Наши места оказались в среднем ряду. Народа в зале было не очень много, в основном молодежь – подростки, юноши и девушки лет двадцати. Они все сидели почему-то на последних рядах, одетые крикливо и просто несуразно. В первых рядах я заметила десятка два людей более солидного возраста, такого, как мы с Нечаевой, – лет под тридцать. Может, и нам надо было сесть туда? Может, здесь вообще принято возрастное разделение: более или менее солидная публика – отдельно, «зелень» – отдельно? Как мухи и котлеты…
Начало задерживали.
– Где он, твой Буйковский? – нетерпеливо спрашивала я подругу.

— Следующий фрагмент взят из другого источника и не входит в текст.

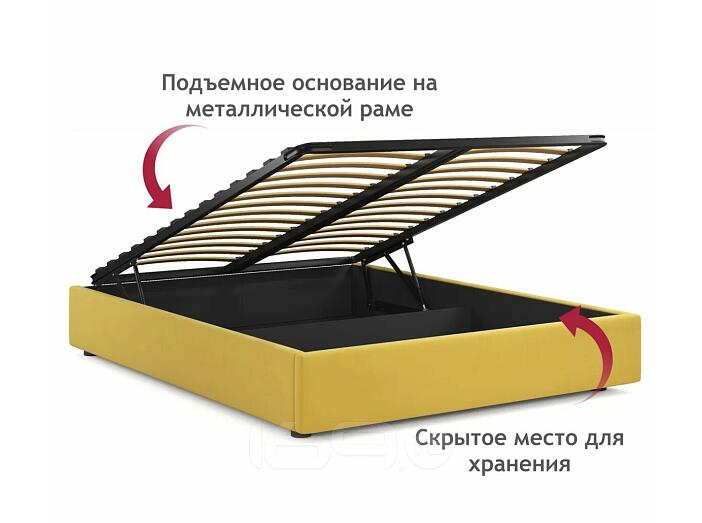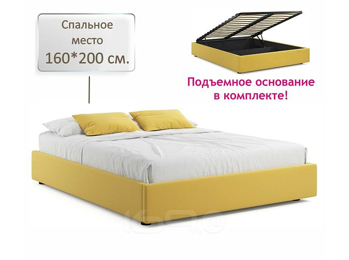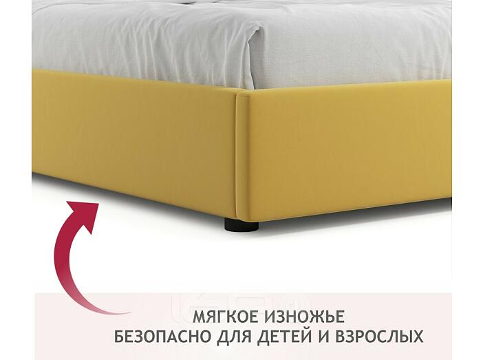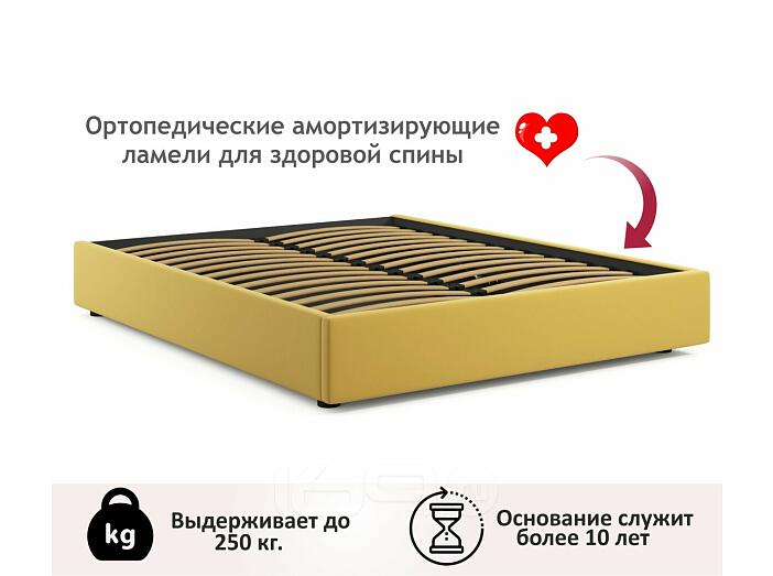 Кровать Base с матрасом велюр желтый С П/М 1600x2000, ортопедическое основание, без изголовья

– Сейчас… Подожди… – отмахивалась та от меня. – Ага, вон Мыльников, тот самый – Мыло – художник и скульптор. Вон директор выставочного зала Микола Бобусь, а рядом с ним – писательница Элеонора Зозуля… А вон, смотри – твой приятель, журналист Антон Ярцев. Так, и пресса здесь… Я же говорила, вся тусовка будет…
Но вот наконец на сцену какой-то подпрыгивающей походкой подстреленного воробья вышел молодой человек, почти юноша. Он был высок и худощав. Его взъерошенные рыжие волосы торчали во все стороны так, словно он на месяц избавил их от шампуня и расчески. На нем был джинсовый костюм – брюки и безрукавка, под которой виднелся огненного цвета джемпер. На шее недоросля красовался пестрый шейный платок, на ногах – кроссовки размера детских лыж.
В зале с первых рядов раздались хлопки, с последних – свист.
– Буёк! Давай сбацай нам чё-нибудь!
– Давай, Буёк, заводи шарманку!
– Эй, Гриня! Начинай, чего выпендриваешься? – закричали с задних рядов.
Такая странная встреча поэта зрителями меня несколько обескуражила. Я не привыкла к тому, что поклонники так фамильярно встречают своего кумира. Но сам талант, похоже, вовсе не обиделся на неформальное обращение к нему зрителей. Он несколько неуклюже поклонился первым рядам, которые в отличие от последних не свистели и ничего не выкрикивали. Когда «приветствие» зрителей стихло, Буйковский встал к микрофону, попытался пригладить свою растрепанную шевелюру рукой, отчего она растрепалась еще больше прежнего, и наконец сам поздоровался с нами.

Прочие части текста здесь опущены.